Finally, we compare all the models, rank them based on their scores, and crown the best one for predicting customer churn—because only the best should go into production!Evaluating each bestfit model

In [None]:
# Evaluate the best Logistic Regression model from Random Search
best_log_reg = random_search_log_reg.best_estimator_
print("Best Logistic Regression Results (after Random Search):")
evaluate_model(best_log_reg, X_train, X_test, y_train, y_test)

In [None]:
# Evaluate the best Decision Tree model from Grid Search
best_dt = grid_search_dt.best_estimator_
print("Best Decision Tree Results (after Grid Search):")
evaluate_model(best_dt, X_train, X_test, y_train, y_test)

In [None]:
# Evaluate the best Random Forest model from Grid Search
best_rf = grid_search_rf.best_estimator_
print("Best Random Forest Results (after Grid Search):")
evaluate_model(best_rf, X_train, X_test, y_train, y_test)

In [None]:
# Evaluate the best SVM model from Grid Search
best_svm = grid_search_svm.best_estimator_
print("Best SVM Results (after Grid Search):")
evaluate_model(best_svm, X_train, X_test, y_train, y_test)

In [None]:
# Evaluate the best KNN model from Grid Search
best_knn = grid_search_knn.best_estimator_
print("Best KNN Results (after Grid Search):")
evaluate_model(best_knn, X_train, X_test, y_train, y_test)

In [None]:
# Create a list of models to compare
models = {
    'Logistic Regression': best_log_reg,
    'Decision Tree': dt_model,
    'Random Forest': best_rf,
    'KNN': best_knn,
    'SVM': svm_model  # or best_svm if you tune it later
}

# Compare metrics
comparison_results = []

for name, model in models.items():
    y_pred = model.predict(X_test)
    y_proba = model.predict_proba(X_test)[:, 1] if hasattr(model, "predict_proba") else None

    result = {
        'Model': name,
        'Accuracy': accuracy_score(y_test, y_pred),
        'Precision': precision_score(y_test, y_pred),
        'Recall': recall_score(y_test, y_pred),
        'F1 Score': f1_score(y_test, y_pred),
        'ROC AUC': roc_auc_score(y_test, y_proba) if y_proba is not None else 'N/A'
    }
    comparison_results.append(result)

# Convert to DataFrame
comparison_df = pd.DataFrame(comparison_results)
print("Model Comparison Summary:")
display(comparison_df.sort_values(by='F1 Score', ascending=False))

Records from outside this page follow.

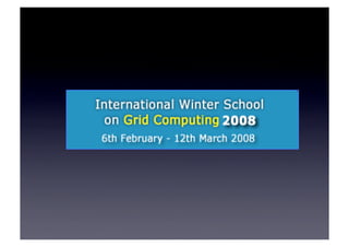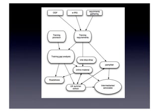 This document discusses training and technology transfer experiences from a European Union perspective in the Asia-Pacific region. It describes the NeSC Training, Outreach and Education projects which have provided training courses worldwide since 2004. Barriers to and enablers of technology adoption are examined based on interviews with researchers. Examples of interventions to address barriers include targeted events, introductory materials, and 'eRoadshows' to disseminate information directly to communities. A model for an online International Winter School for Grid Computing is presented as an example of leveraging resources and services to replicate an in-person training program.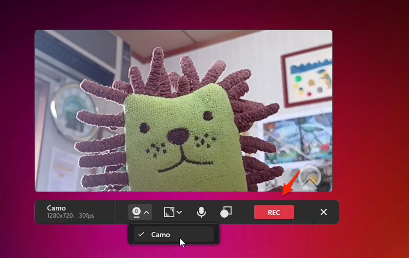 右下の「REC」ボタンをクリックすると、3秒のカウントダウン後にカメラ録画を開始することができるようになる。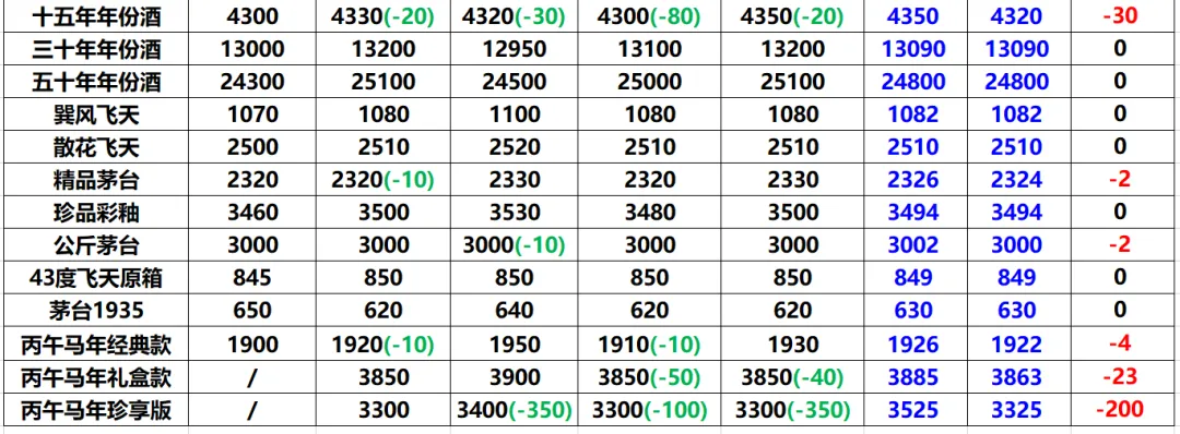 年份茅台:十五年年份酒下跌30元至4320元;三十年份茅台保持在13090元;五十年份酒维持在24800元价位。
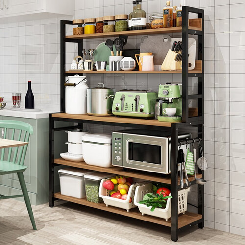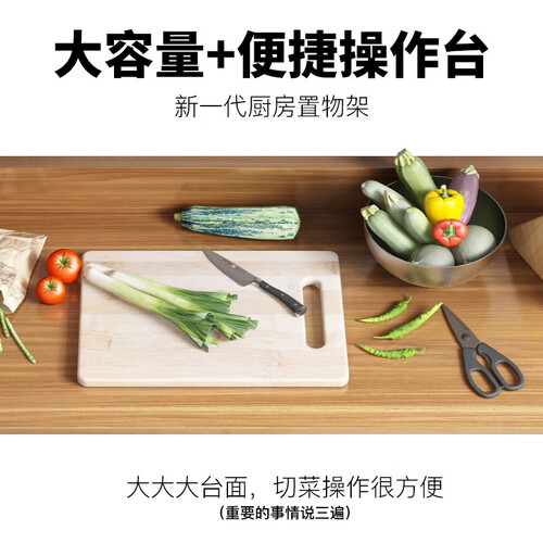 使用钢木结合的设计,坚硬结实,承托力更强。采用多元化空间设计,兼容不同物品的存放需求,餐具电器均能找到适合的空间。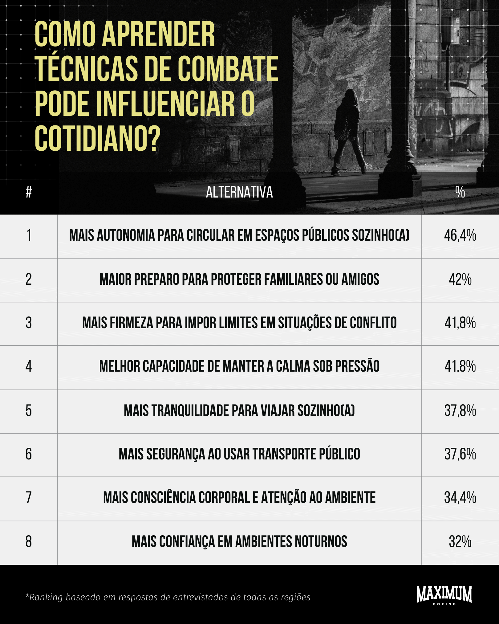 Para os respondentes, dominar essas técnicas pode tornar experiências antes marcadas pela desconfiança mais seguras, como viajar sozinho (37,8%), utilizar o transporte público (37,6%) e frequentar ambientes noturnos (32%).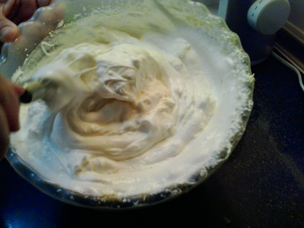 En un bol aparte montar la nata (crema de leche) líquida con la otra mitad del azúcar glass y la ralladura de un limón.

## Step 7: Performance Evaluation

Let’s see how well our models perform! We check confusion matrices, and ROC-AUC to find the strongest contender.

In [None]:
import matplotlib.pyplot as plt
import seaborn as sns
from sklearn.metrics import confusion_matrix, roc_curve, auc

def plot_conf_matrix_and_roc(model, X_test, y_test, model_name):
    # Confusion Matrix
    y_pred = model.predict(X_test)
    cm = confusion_matrix(y_test, y_pred)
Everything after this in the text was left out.